Given Quadratic Equation is

$\rm :\longmapsto\: {4x}^{2} + 4 \sqrt{3}x + 3 = 0$

Step :- 1 Shift the constant term on RHS.

$\rm :\longmapsto\: {4x}^{2} + 4 \sqrt{3}x= - \: 3$

Step :- 2 Make the coefficient of x² unity, So Divide both sides by 4.

$\rm :\longmapsto\: {x}^{2} +\sqrt{3}x= - \: \dfrac{3}{4}$

Step :- 3 Add square of half the coefficient of x on both sides,

$\rm :\longmapsto\: {x}^{2} +\sqrt{3}x + {\bigg(\dfrac{ \sqrt{3} }{2} \bigg) }^{2} = - \: \dfrac{3}{4} + {\bigg(\dfrac{ \sqrt{3} }{2} \bigg) }^{2}$

$\rm :\longmapsto\: {x}^{2} +2 \times\dfrac{ \sqrt{3} }{2} \times x + {\bigg(\dfrac{ \sqrt{3} }{2} \bigg) }^{2} = - \:\dfrac{3}{4}+\dfrac{3}{4}$

$\rm :\longmapsto\:{\bigg(x + \dfrac{ \sqrt{3} }{2} \bigg) }^{2} = 0$

$\rm :\longmapsto\:{\bigg(x + \dfrac{ \sqrt{3} }{2} \bigg) } = 0$

$\bf\implies \:x = - \: \dfrac{ \sqrt{3} }{2}$

Answer :- 2

Given Quadratic Equation is

$\rm :\longmapsto\: {2x}^{2} + x - 4 = 0$

Step :- 1 Shift the constant term on RHS.

$\rm :\longmapsto\: {2x}^{2} + x = 4$

Step :- 2 Make the coefficient of x² unity, So Divide both sides by 2.

$\rm :\longmapsto\: {x}^{2} + \dfrac{1}{2} x = 2$

Step :- 3 Add square of half the coefficient of x on both sides,

$\rm :\longmapsto\: {x}^{2} + \dfrac{1}{2} x + {\bigg(\dfrac{1}{4} \bigg) }^{2} = 2 + {\bigg(\dfrac{1}{4} \bigg) }^{2}$

$\rm :\longmapsto\: {x}^{2} +2 \times \dfrac{1}{4} x + {\bigg(\dfrac{1}{4} \bigg) }^{2} = 2 + {\bigg(\dfrac{1}{16} \bigg) }$

$\rm :\longmapsto\:{\bigg(x + \dfrac{1}{4}\bigg) }^{2} = \dfrac{32 + 1}{16}$

$\rm :\longmapsto\:{\bigg(x + \dfrac{1}{4}\bigg) }^{2} = \dfrac{33}{16}$

$\rm :\longmapsto\:{\bigg(x + \dfrac{1}{4}\bigg) }= \pm \: \dfrac{ \sqrt{33} }{4}$

$\rm :\longmapsto\:x= - \: \dfrac{1}{4} \pm \: \dfrac{ \sqrt{33} }{4}$

$\bf\implies \:x = \dfrac{ - 1 + \sqrt{33} }{4} \: \: \: or \: \: \: \dfrac{ - 1 - \sqrt{33} }{4}$

Additional Information :-

Nature of roots :-

Let us consider a quadratic equation ax² + bx + c = 0, then nature of roots of quadratic equation depends upon Discriminant (D) of the quadratic equation.
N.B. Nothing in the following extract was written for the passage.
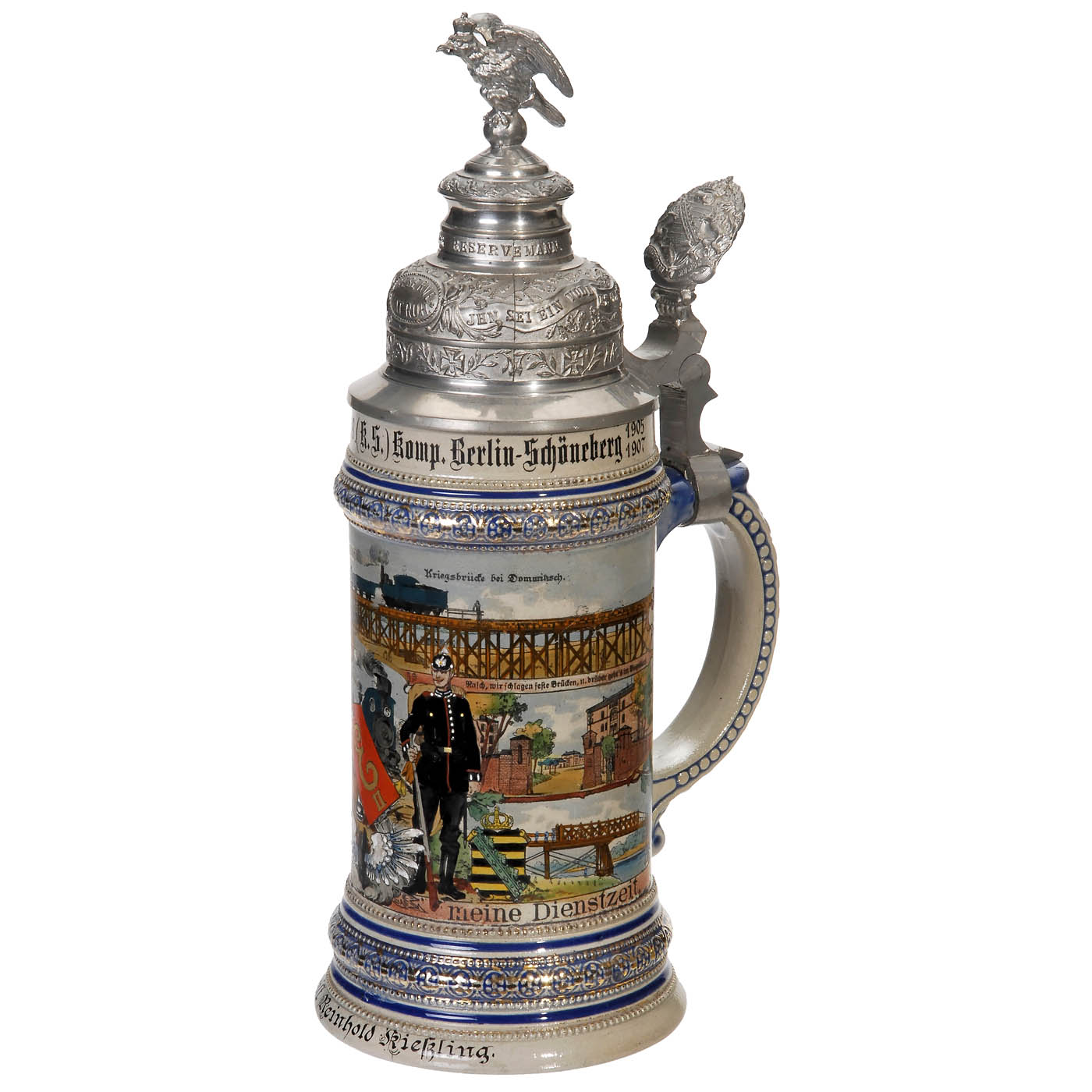 Eisenbahn-Regiment Nr. II, 8. (K.S.) Komp. Berlin-Schöneberg, made by Merkelbach & Wick, Grenzhausen. ½-liter stoneware jug for reservist Reinhold Kießling, 1906-1907. Chromolithographed and hand-painted decoration, various depictions including the Dommitzsch war bridge, with name list. High tin lid with relief, crowned griffin on top, thumblift with Kingdom of Saxony coat of arms, total height 11 ¼ in.

• If Discriminant, D > 0, then roots of the equation are real and unequal.

• If Discriminant, D = 0, then roots of the equation are real and equal.

• If Discriminant, D < 0, then roots of the equation are unreal or complex or imaginary.

Where,

• Discriminant, D = b² - 4ac